The whole Eagle line suffered from poor construction techniques. Lots of them had de-lamination problems, but the biggest problem was that the hull and cap would separate which would allow the boat to take on water which lead to the possibility of sinking.

They haven't been made for a while so If you find one and if you look at it closely you should be able to see if there are any problems with them. 

I do believe the molds were bought by someone, can't think of the name right now


----------



## mmaher (Jul 16, 2013)

Thanks for the reply! The boat is a 1999 which I've been told if they lasted they "should" be ok. So ill be taking a good look at the hull as well as the seem for the hull and cap. Any other problem areas to look for?


----------



## sickz284u (Mar 8, 2012)

The new Morgan skimmer is the same boat. They have plenty on bossmanboats.com


----------



## horseshoe_scott (Mar 30, 2011)

I live in the town where they were originally built and they did have some quality problems. However, they also built a lot of boats that the owners loved as well. The Skimmer was a neat skiff and there were several people that really liked them. Like you said, if it's a 1999 and has not had a problem, it's probably okay.


----------



## lemaymiami (Feb 9, 2007)

To put it mildly.... everyone of those small skimmers should have been chopped up with a chain saw as a public service. If you ever take one out for a test ride -make a point of wearing your life jacket. Not only did they suffer from poor construction problems, the little ones had one or two design deficiencies if you were in anything other than flat, calm water.

Most of the really bad first hand info on those boats disappeared when Florida Sportsman on line lost its archives.....


----------



## flyfshrmn82 (Oct 12, 2007)

I fished out of one of those for years.  With the massive tunnel it was easily the shallowest running boat out in the lagoon and very stable. No one could follow us.  As long as there was dew on the grass it could run it...
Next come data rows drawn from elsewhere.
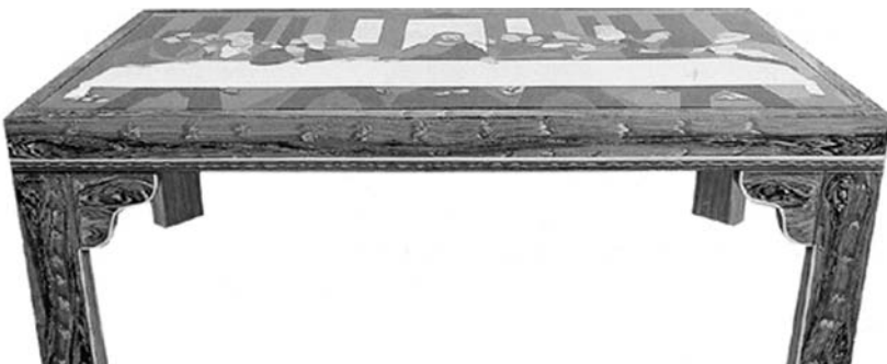
B. González. La Última Mesa . Esmalte sobre lámina metálica sobre mesa metálica, 105 x 205 x 75 cm, 1970.
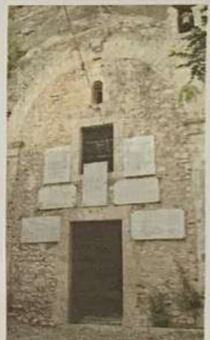
La chiesa di S. Maria della Cava
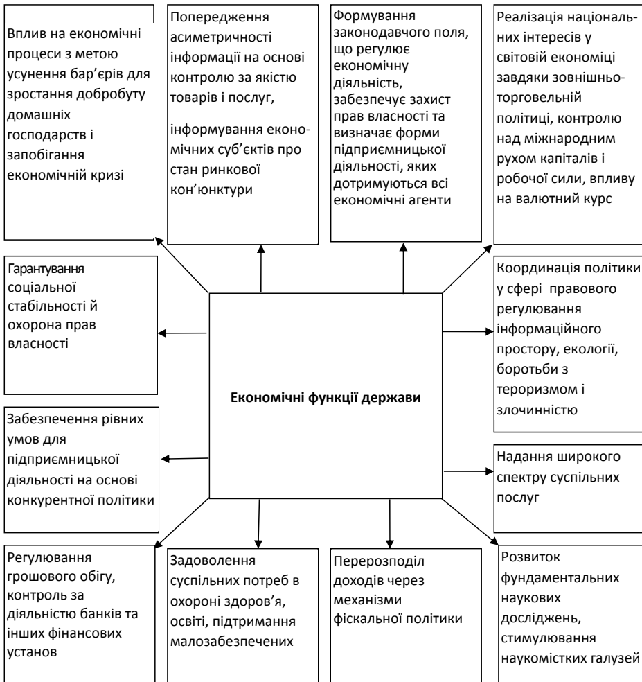
Рис. 2. Основні напрями реалізації економічних функцій держави

– переорієнтація економічної політики з урахуванням глобальних викликів шляхом виходу за межі стабілізаційного впливу та формування ґрунтовних засад конкурентоспроможної національної економіки [6, с. 14–16].
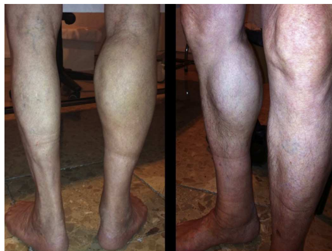
Figura 1. Asimetría gemelar.

El quiste de Baker complicado es una entidad muy habitual. La prevalencia se incrementa con la edad. Sin embargo, solo hemos
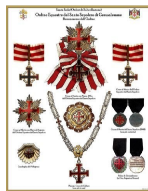
ORDINE DEL SANTO SEPOLCRO BENEMERENTE
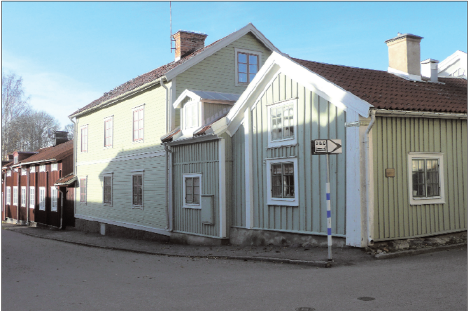
Storgatan 2. (Gård nr 60 eller Setterholmska gården).
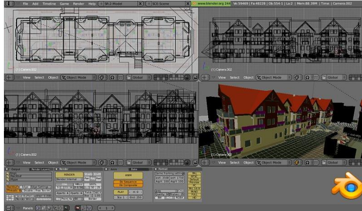
Figure 5 : Exemple d'architecture modélisée à partir du logiciel Blender
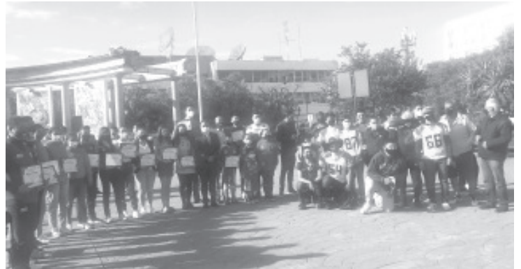
Por el virus del Covid 19, este año la celebración del 110 aniversario de la Revolución Mexicana se redujo al izamiento de Bandera y a un acto cívico alusivo a esta fecha.

En entrevista, destacó que ya se han comenzado a registrar descensos en la temperatura, principalmente donde tiene más efecto es en las comunidades que se
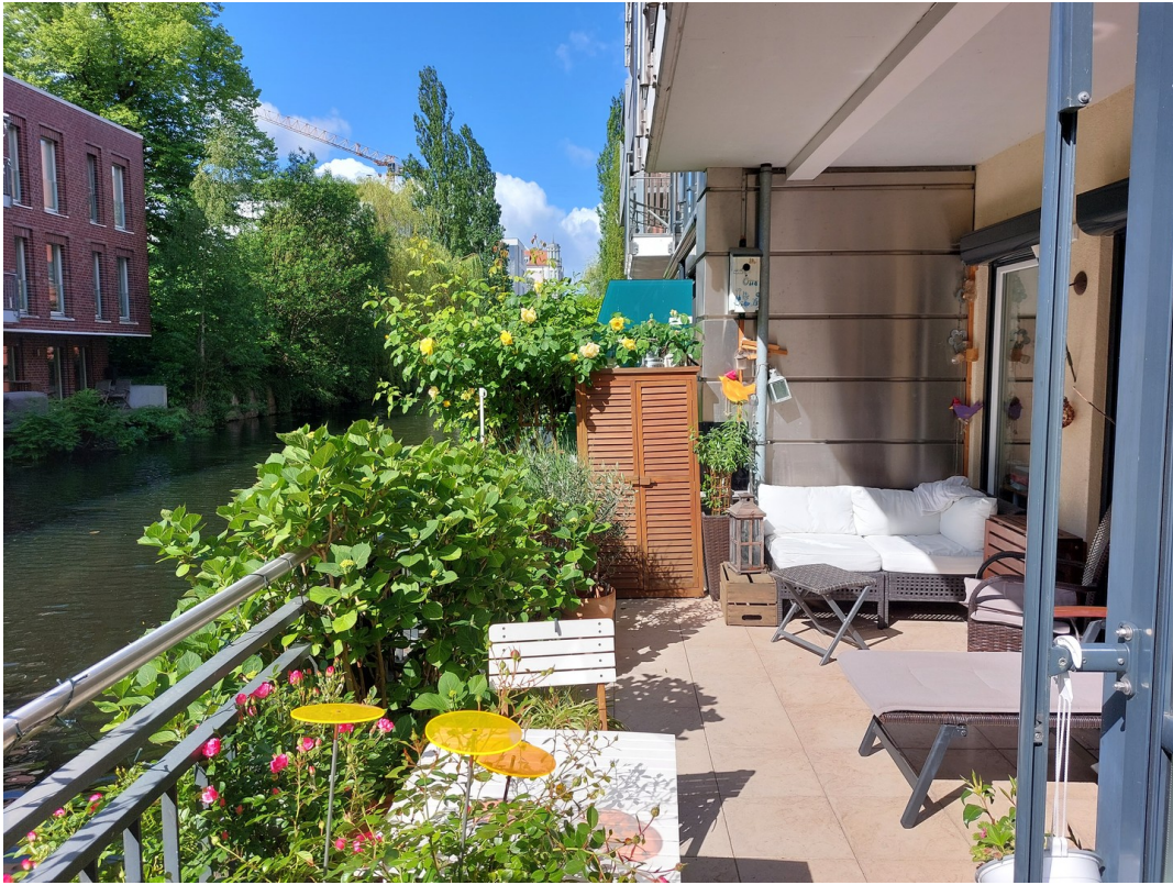
Terrasse direkt am Kanal
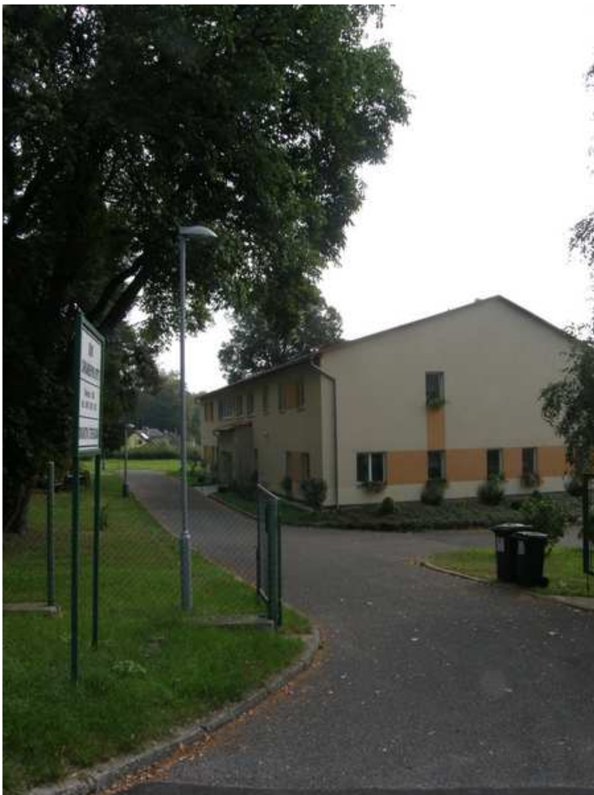
15 – občanská vybavenost
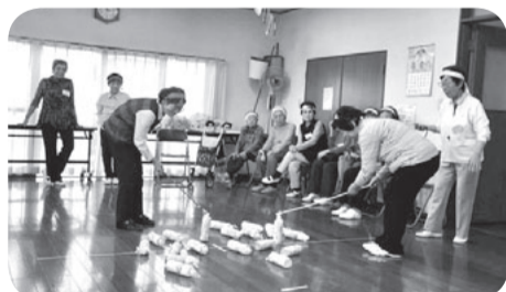
ボランティアセンター(いきいきサロン)
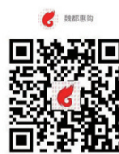
长按识别二维码进入店铺

农夫山泉饮用天然水12L装售价 22 元/桶,买4桶赠送朴云思泉矿泉水1件(12瓶)数量有限赠完为止。平城区内免费送水上门
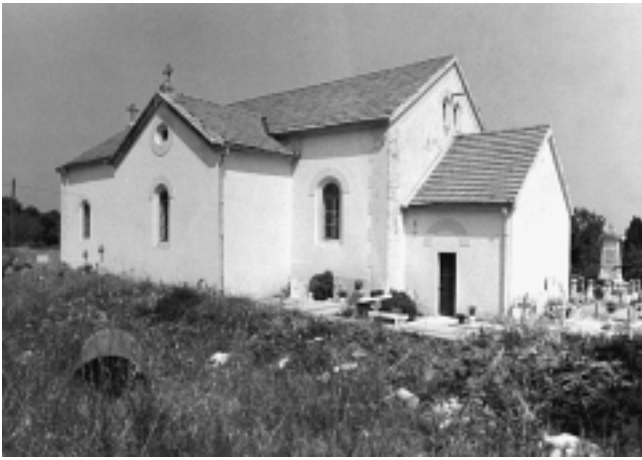
Sutomišćica, crkva Sv. Eufemije (1889), pogled s juga Sutomišćica, Church of Saint Euphemia (1889), south view

na nekom drugome mjestu. Početkom XX. st. tako se postupilo i u Preku.
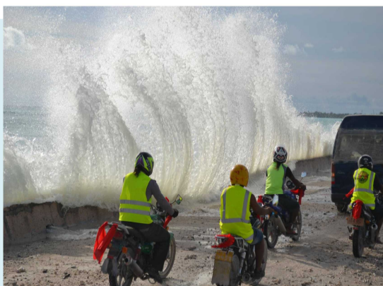
高潮の被害が大きいキリバスの海岸沿いの道路

個々人でも、例えば、▼買物へのマイバッグ持参▼節電▼省エネ家電への買い換え▼エコドライブ▼ペレットストーブの購入▼公共交通機関の利用▼車買い換え時のハイブリッド車や電気自動車等の選択▼など、日々の生活の中で地球温暖化防止に貢献できることはたくさんあります。
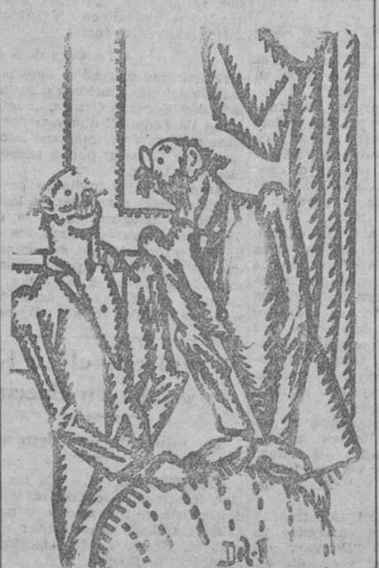
—¡Es enorme ese tenor! Lleva una hora cantando. ¡Magníficos pulmones!
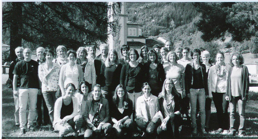
Scuola dell'infanzia, pedagogisti specializzati, scuola elementari, logopedia
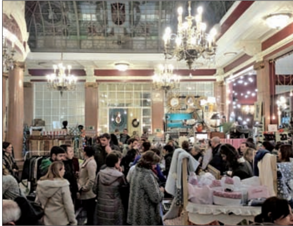
El Mercadillo del Gato a la izquierda y el escaparate de In love market a la derecha
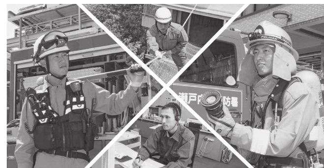
皆様のご応募お待ちしております!

午前8時30分～午後5時(土・日曜日、祝日を除く) ※郵送の場合は9月1日(金)必着です。 ▽提出書類 消防本部指定の受験申込書 ※受験申込書は瀬戸内市役所支所、瀬戸内市消防本部、分駐所で配布します。また、市ホームページ(消防本部ページ)からダウンロードできます。 ☎0869-22-1334 HP http://www.city.setouchi.lg.jp/
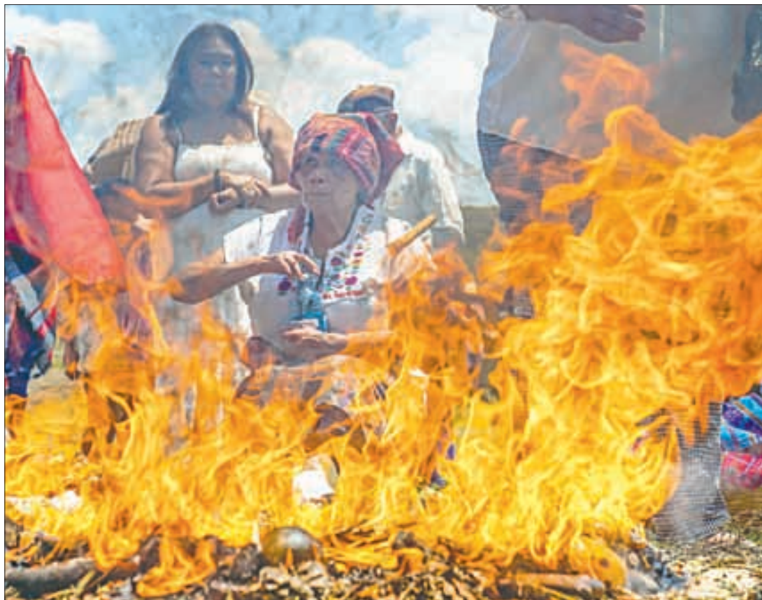
▲ Indígenas realizan una ofrenda al fuego durante la celebración del equinoccio de primavera en el sitio arqueológico San Andrés, en el valle de Zapotitán, departamento de La Libertad, El Salvador.
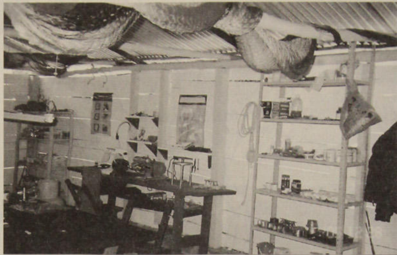
το ορθοδοντικό εργαστήριο

8.- Por último nos gustaria que nos subrayaraís vuestras necesidades y vuestras ideas y pensamientos políticos sobre el tipo de acciones solidarias con vosotros que podemos llevar a cabo.
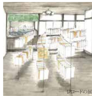
レコードの展示スペース「ナカノマ」
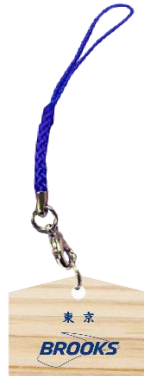
「オリジナルミニ絵馬」

願いや目標をブルックスオリジナル絵馬に記入し、店内の絵馬掛けに結んでいただけます。
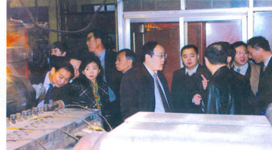
考察常州威士顿有限公司
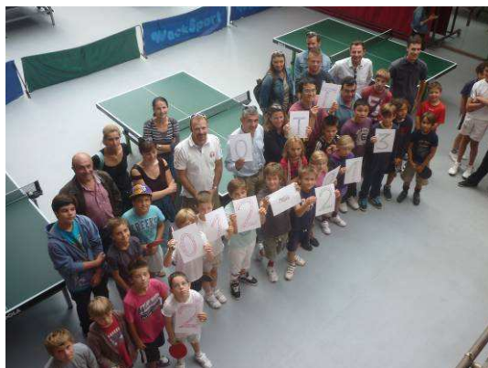
Les jeunes joueuses et joueurs du club OTT et leurs parents

les mercredis et samedis après-midi au gymnase du Plateau Saint-Marc
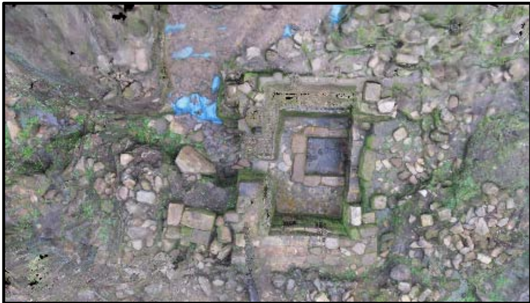
Figura 10. Ortomosaico de la fuente Inca procesado usando Agisoft Photoscan ®. Composición: Abel Traslaviña.

Luego de este proceso de conservación integral de la Fuente Inca y la implementación de puesta en valor mediante infraestructura en el contexto de un circuito de visitas, la fuente podrá ser visitada y admirada (Figura 11).
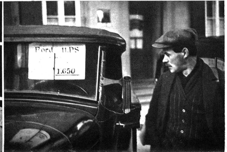
Bequemer als mein Handwagen wäre dieser alte Ford schon, um auf den Markt zu fahren. Er überlegt schon, wie er ihn in einen kleinen Lastwagen verwandeln könnte.
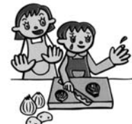
誤って包丁で指を切ってケガをした。
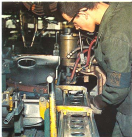
Galvaniserade delar på de mest utsatta ställena

Volvo Amazon har speciellt styv, självbärande kaross. Sittutrymmet erbjuder mycket god säkerhet. Runt varje karossöppning finns extra kraftiga, slutna balkprofiler, en säkerhetsdetalj, där Volvo lett utvecklingen.
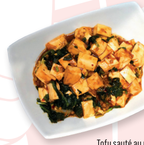
Tofu sauté au porc haché épicé, épinards, œuf.

S20 KATSU CURRY Porc panée sauce curry 18.00€ かつカレー KATSU CURRY Breaded pork with curry sauce
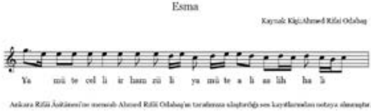
Şekil 8. Esmâ -1-

İstiğfardan sonra esmâlara geçilir. Notaları aşağıda gösterildiği şekildedir:
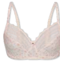
24423 | Bügel-BH / wire bra / SG avec armatures B-E | 75-95
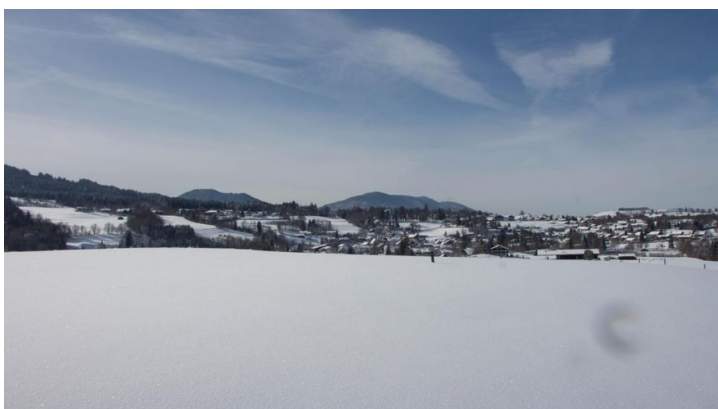
Winterwanderung - Rantscher Weiher - © Thorsten Unsel, Naturpark Ammergauer Alpen
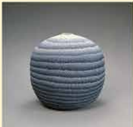
松井康成《楯上曜文大壺》 1979年 茨城県陶芸美術館蔵
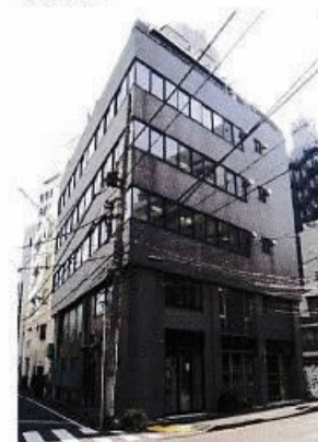
※現況を優先とさせていただきます
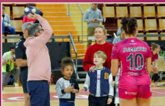
Coup d'envoi par notre partenaire Bonjour World
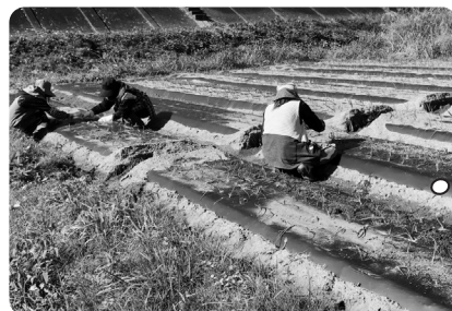
玉ねぎ植え-2 穴を開けた所に手作業で1本ずつ植えている

れんこん、セロリ、レモン、にんにくやさいBOX(太ネギ・白ネギ・にんにくの芽・葉玉葱・南瓜・そら豆)
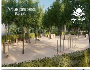
Parques para perros Dogs park
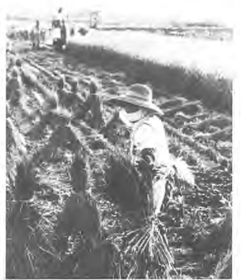
《第4回ふるさと柏写真展から》 作品はカラー

《今までに届いているかた》、母 子健康手帳・保険証など市内在住 を証明できる書類、BCG接種日 にはツベルクリン接種の際にお渡 しする問診票に記入して持参、筆 記用具、スリッパ ○受付時間 各会場とも午後1時半〜同2時半
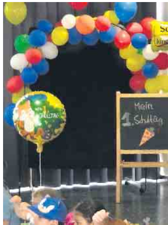
Vor einem geschmückten Hintergrund konnten die Eltern ihre Kinder am ersten Schultag fotografieren.
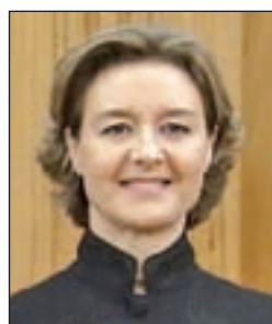
ISABEL GARCÍA TEJERINA Agricultura y Pesca, Alimentación y Medio Ambiente
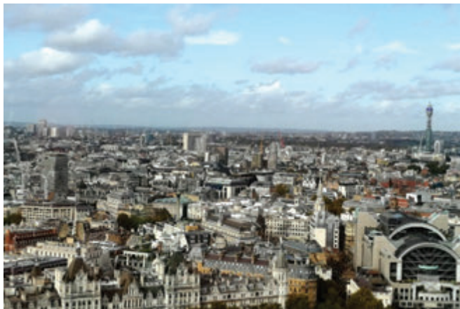
Pogled na London

Komaj smo se naspali, že je bil pred nami drugi dan potovanja, prav tako poln pričakovanj. Po obilnem angleškem zajtrku smo se odpravili na raziskovanje mesta. Ta dan smo doživeli tisti tipičen, zanimiv in znan London, kot ga poznamo s fotografij. Po mestu nas je popeljal domačin, naravni govorec in Anglež, Mr. Nick, ki se je z nami pogovarjal le v angleškem jeziku. Ogledali smo si menjavo straže pred Buckinghamsko palačo. Naj povem, da je gneča v resnici še večja, kot je to videti na fotografijah. Po tem, skoraj svečanem dogodku, smo se odpravili v narodno galerijo National Gallery, kjer smo videli vse vrste umetnin, tudi znamenite Van Goghove sončnice. Pot smo nadaljevali v kitajsko četrt China town, kjer smo občudovali prelepe laterne, ki so visele nad nami. V tem času je namreč potekal festival lune. Kakšno pa bi bilo naše potovanje v London, brez da bi si ogledali znameniti Big Ben? Seveda smo si ga ogledali, in sicer skupaj z britanskim parlamentom. Kot zanimivost
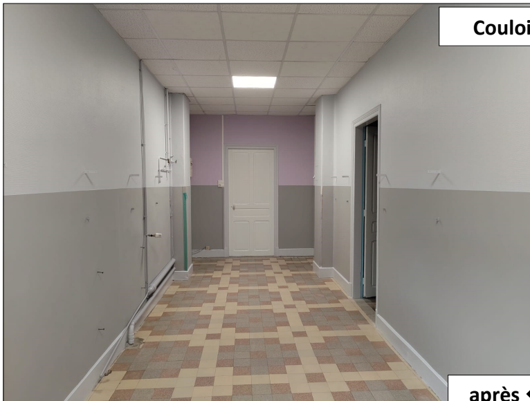
Couloir accès classes :
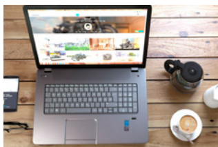
5 Wet DBA
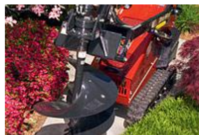
24 Планетарный привод для бура (низкая скорость, высокий крутящий момент) / Planetary Auger Driver (low speed/high torque)
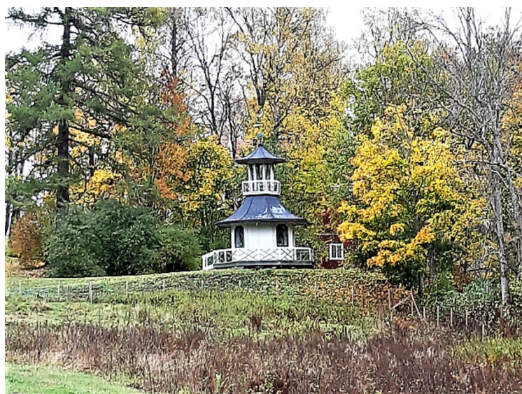
I parkanlegget øst for hovedbygningen ligger Verkets mest særegne bygning - et kinesisk inspirert lysthus.
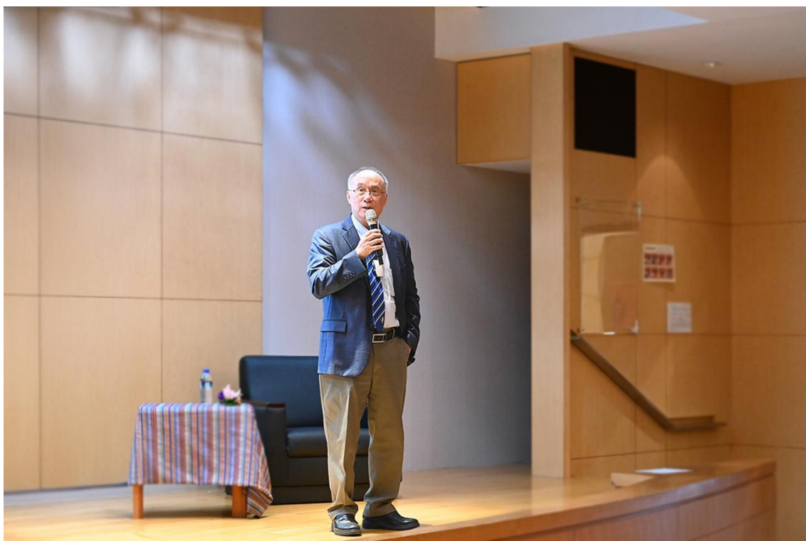
梁賡義院士分享其學思歷程
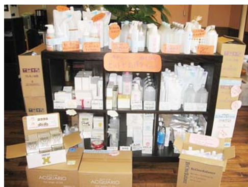
▲単品からケースまでずらっと一式

It's a fair weather boat tho.  It will beat the daylights out of you in a 8"+chop.  It needs about 8" to pole and has some boat slap.  Caught a ton of fish.  Fished it often with 3 people.  

Where did you find one?


----------



## mmaher (Jul 16, 2013)

He has a few people coming to look at it but I will hopefully be looking at it tomorrow unless it sells by then. I fish mainly the matlacha and pine island area and pretty much do nothing but skinny water. I am a avid kayaker and want to get I to alot of the water I kayak fish with this small skiff.


----------



## ggoodman (Jun 16, 2013)

Every one has people coming to look at stuff they have for sale.


----------



## flyfshrmn82 (Oct 12, 2007)

Updates?


----------



## [email protected] (Aug 14, 2013)

I currently have an eagle skimmer. I bought it about two years ago. If your still looking I can prettY much answer it according to my experiences with mine


----------



## mmaher (Jul 16, 2013)

I ended up pulling the trigger on it. Loving it so far does everything I wantvit to! Everything was turn key on it have some projects in mind for it already.


----------



## BigGreg66 (Dec 7, 2019)

Love mine. Absolutely insane how skinny they run.


----------